• [THE DATA]:
= = = = =

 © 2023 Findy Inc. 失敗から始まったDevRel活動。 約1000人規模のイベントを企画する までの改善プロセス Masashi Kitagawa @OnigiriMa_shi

= = = = =

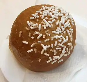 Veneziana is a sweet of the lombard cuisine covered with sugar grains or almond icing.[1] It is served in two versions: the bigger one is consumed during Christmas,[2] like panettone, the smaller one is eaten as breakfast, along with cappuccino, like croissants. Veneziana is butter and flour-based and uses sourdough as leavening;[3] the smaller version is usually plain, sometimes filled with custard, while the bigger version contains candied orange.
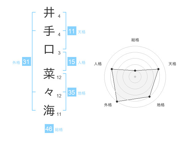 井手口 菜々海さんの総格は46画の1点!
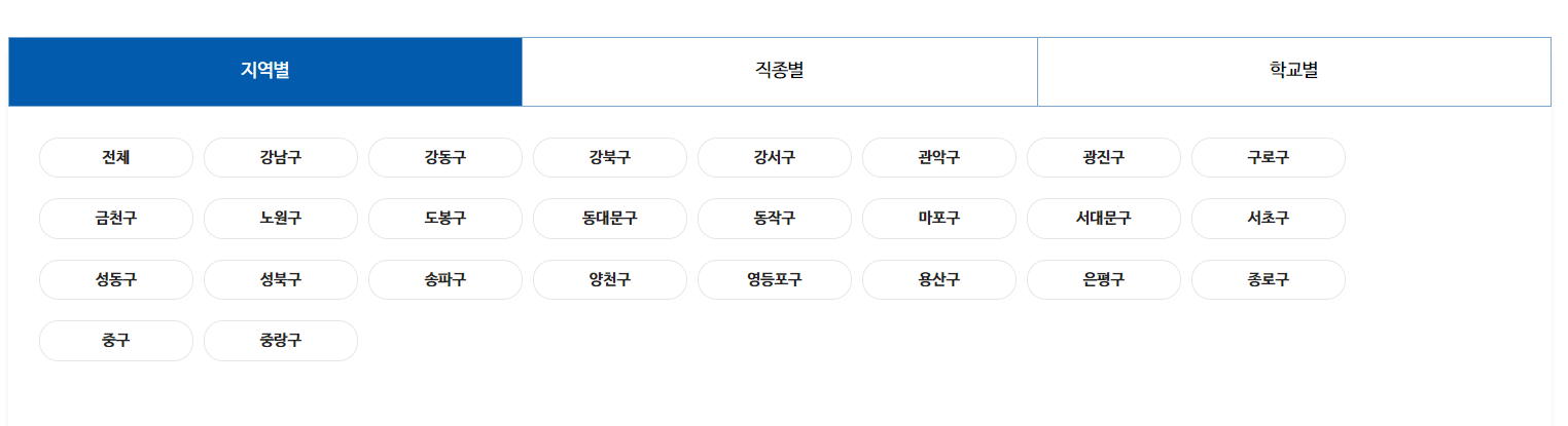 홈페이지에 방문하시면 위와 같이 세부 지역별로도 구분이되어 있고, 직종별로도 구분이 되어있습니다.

= = = = =

• [WHAT NEEDS TO BE DONE]:
Extract, without any images, the part of the material above that opens with the line containing "Veneziana is a" and closes with the line containing "홈페이지에 방문하시면 위와", both lines included.

• [RESULT BELOW]:
 Veneziana is a sweet of the lombard cuisine covered with sugar grains or almond icing.[1] It is served in two versions: the bigger one is consumed during Christmas,[2] like panettone, the smaller one is eaten as breakfast, along with cappuccino, like croissants. Veneziana is butter and flour-based and uses sourdough as leavening;[3] the smaller version is usually plain, sometimes filled with custard, while the bigger version contains candied orange.
 井手口 菜々海さんの総格は46画の1点!
 홈페이지에 방문하시면 위와 같이 세부 지역별로도 구분이되어 있고, 직종별로도 구분이 되어있습니다.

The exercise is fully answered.